Analyzing the problem, you discover that you are asked to calculate the normal vector of a circle lying in the xy-plane. This circle has equation x^2+y^2=1, and hence has radius 1.

You know that the graph of a function f(x) is a graph y=f(x) in the plane. More important, it is also a level curve to a function g(x,y).

Now, imagine a function g(x,y) = f(x) - y. The function y=f(x) is then the level surface g(x,y)=0. For the next step you should recall that the gradient of a function is perpendicular to the level curves of a function (assuming they exist).

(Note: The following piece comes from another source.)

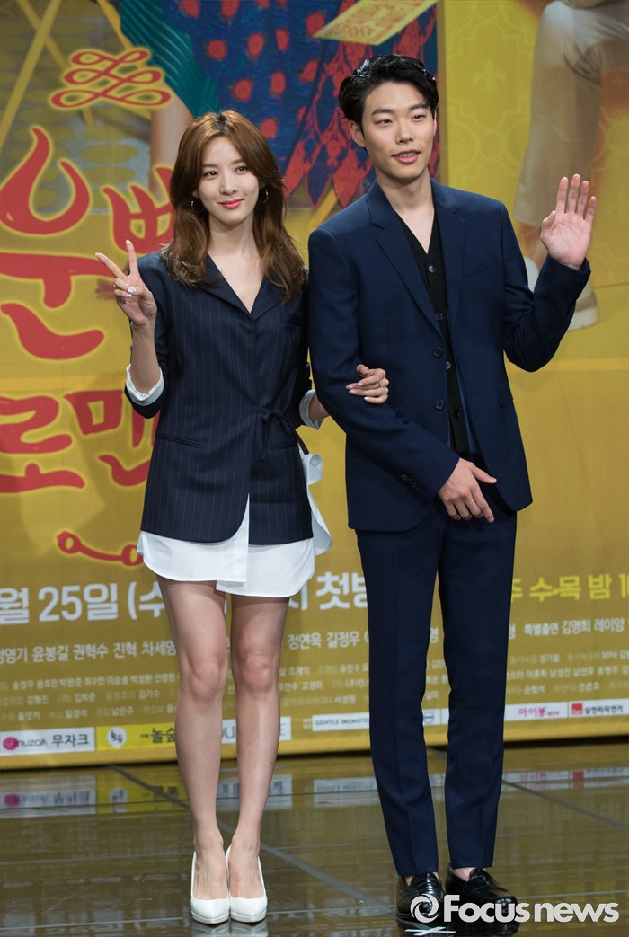 (서울=포커스뉴스) 25일 오후 서울 마포구 MBC상암사옥에서 열린 MBC 수목드라마 '운빨로맨스' 제작발표회에 참석한 배우 이청아(왼쪽)와 류준열이 포토타임을 갖고 있다.

Now, y=f(x)=sqrt(1-x^2) (This is the function of the part of the circle above, and on, the x-axis)

Calculating the gradient:

grad(g(x,y))=(-x/sqrt(1-x^2))i - j

The gradient will in this case be a vector pointing inward, but all you have to do is multiply it by (-1) for it to point in the direction wanted. Also, to express it as a unit vector, you only have to divide it by its length.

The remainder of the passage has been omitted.